Ensuite, des cellules négatives à l’iodure de propidium ont été sélectionnées. Et enfin, une démarche a été dessinée pour sélectionner uniquement les cellules leucémiques positives à la GFP pour le tri. Dans cet exemple de poisson transplanté TALL au jour 28, les tumeurs à un stade précoce ont été observées comme une zone de cellules positives à la GFP près du site d’injection.

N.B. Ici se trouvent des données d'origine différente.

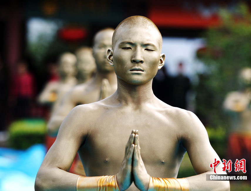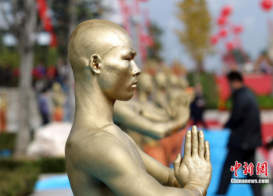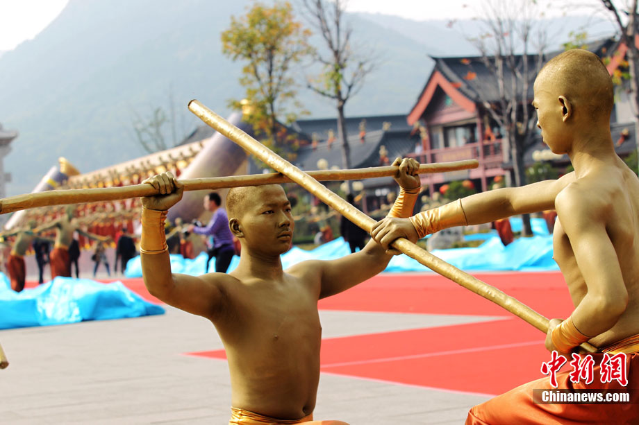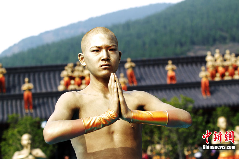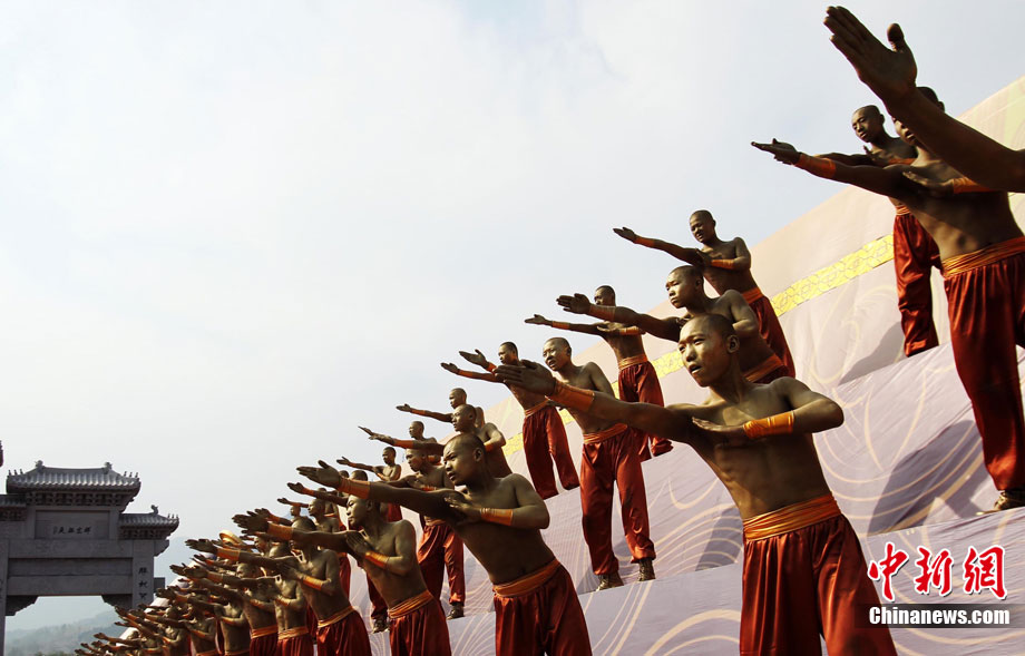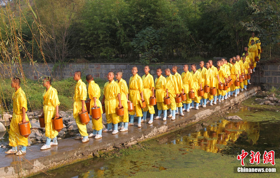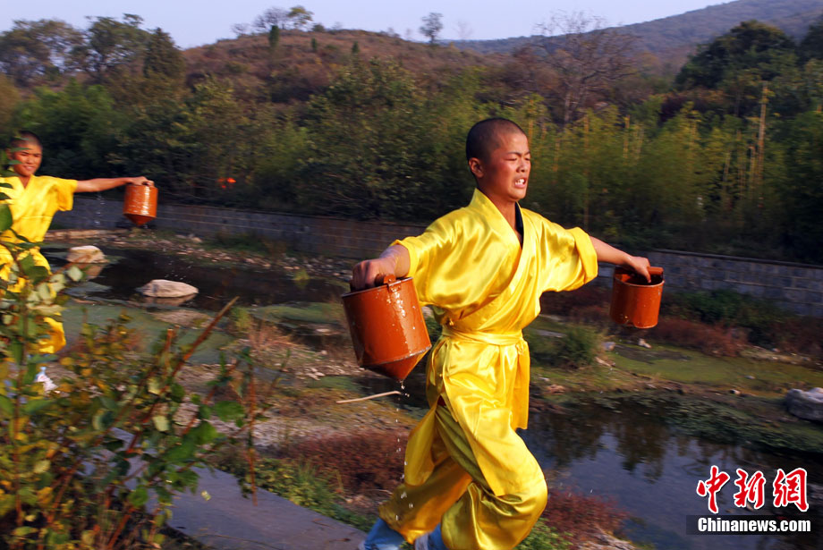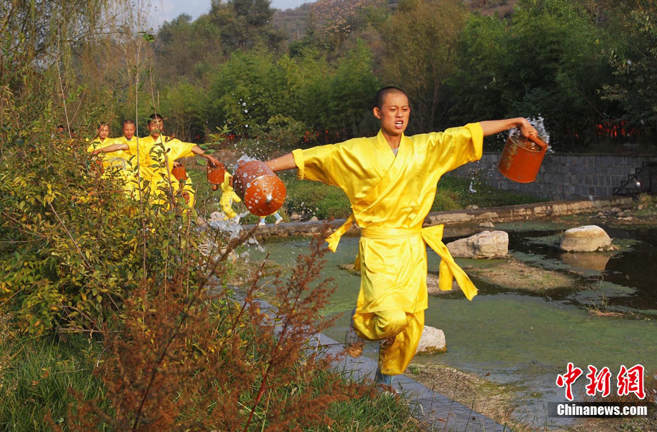 10月23日,千年古剎河南嵩山少林寺,少林和尚們雙臂平伸,提著水桶快步如飛,再現(xiàn)了少林和尚水上漂的武林絕技。中新社記者 王中舉 攝

Bien que certains TLS aient été plus avancés, s’étant élargis pour remplir la cavité péritonéale pour ces expériences, plus de 220 animaux ont été transplantés, ce qui peut être facilement accompli par une seule personne en quelques heures. L’analyse des données à l’aide du logiciel elda a montré qu’en moyenne, une cellule T sur 135 était composée de cellules leucémiques se propageant d’elles-mêmes. Après avoir regardé cette vidéo, vous devriez avoir une bonne compréhension de la façon de transplanter des cellules tumorales à limiter la dilution dans la cavité péritonéale du poisson-zèbre syngénétique, et comment utiliser les données résultantes pour déterminer la fréquence de propagation des cellules tumorales au sein d’une tumeur donnée.
D’autres études utilisant des animaux génétiquement modifiés pourraient aider à identifier les mécanismes régissant l’auto-renouvellement de ces cellules propagatrices de tumeurs.
Cet article décrit un protocole pour la réalisation d'essais de transplantation cellulaire par dilution limitante chez le poisson zèbre syngénique afin d'étudier les cellules propagent les tumeurs dans la leucémie. La méthode implique la génération de poissons zèbre fluorescents et l'isolement de cellules leucémiques pour la transplantation chez des poissons zèbre adultes.